Sergeant Pinkerton, the gunny Josh had talked to aboard the troopship, yelled out, “We're with you, Captain Thurlow!”

Beside Pinkerton stood the young marine who'd drunk the foul water when Josh had suggested it. His eyes stared beneath his helmet like white marbles, and it appeared he was on the edge of puking again. Josh looked away.

Something big opened up from the atoll, and two huge splashes, like sudden boils from an underwater volcano, erupted no more than a dozen yards away from the charging Higgins boat. The coxswain started to weave the boat back and forth, but Josh stopped him. “Full throttle dead ahead, son. No time for maneuvers.”

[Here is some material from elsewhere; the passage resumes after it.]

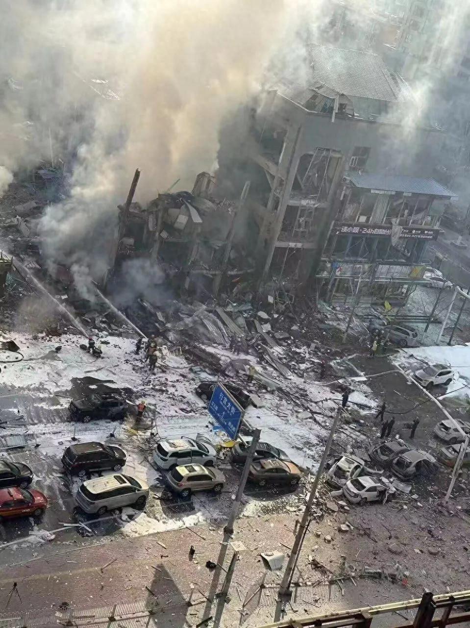 從新聞報道和微信羣轉發的情況來看,現場慘不忍睹,濃煙滾滾,熊熊大火,一棟樓基本快被炸平了,全是殘垣斷壁,周邊汽車也是被炸得面目全非,沿街商鋪也被炸得七零八落,真的跟新聞聯播裏報道俄羅斯跟烏克蘭戰爭沒兩樣。

As they neared the reef, Josh saw with a sudden shock hundreds of bodies floating in the lagoon. He also counted eight amtracs adrift; oily bubbles indicated where others had sunk. He could make out only two amtracs on the beach, and black smoke was pouring from both of them. Tatters of water and coral flew as bullets peppered their way back and forth across the reef, chewing up the Higgins boats stuck there with their ramps down. No one appeared to be alive aboard them.

“Steer for that boat there,” Josh told the boy at the wheel, pointing at a random Higgins in the long line. When the sailor hesitated, Josh reached over and jammed the throttle to its stops. “Ram it! Knock it off the reef and follow it in!”

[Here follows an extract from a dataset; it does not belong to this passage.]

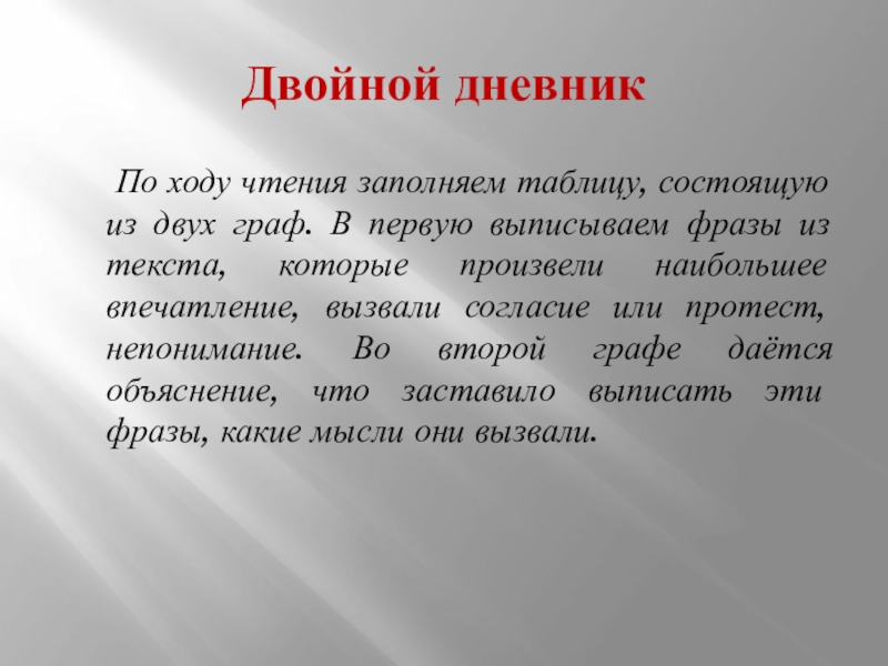 двух граф. В первую выписываем фразы из текста, которые произвели наибольшее впечатление, вызвали согласие или протест, непонимание. Во второй графе даётся объяснение, что заставило выписать эти фразы, какие мысли они вызвали.

The coxswain gasped, then slumped down, blood pouring from a wound in his neck. Josh grabbed the wheel from him and kept the Higgins on course. Then something stung his arm, and something else whizzed past his ear. The Higgins plunged on, its engine howling. “Get ready!” he yelled at the marines, who screamed their readiness back. They turned as one toward the ramp.

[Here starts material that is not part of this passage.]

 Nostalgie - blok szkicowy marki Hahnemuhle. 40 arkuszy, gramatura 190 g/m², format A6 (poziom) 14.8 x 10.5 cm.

The Higgins plowed into the stern of one of the stuck boats, though the impact knocked it only a few yards forward. Josh backed off, then threw the throttle full ahead again, the sound of shredded steel informing him he'd thoroughly abused the transmission. Then it felt like a mule had kicked him in the ribs. He clutched his side but kept his hand on the throttle. The Higgins plowed on until it struck the stuck landing craft again. This time, the impact was enough to knock it off the coral, and it slid ahead, leaving be-hind a channel of clear blue. Holding his side and gritting his teeth against the pain, Josh drove his boat through the gap just as the transmission tore it-self to pieces and the engine seized. A pall of dense blue smoke poured from the exhaust.

“Far as I can get us, boys!” Josh yelled above the hammer of bullets splintering the Higgins's ramp. He saw a marine fall, and another was tossed back by the impact of a bullet ricocheting into his face.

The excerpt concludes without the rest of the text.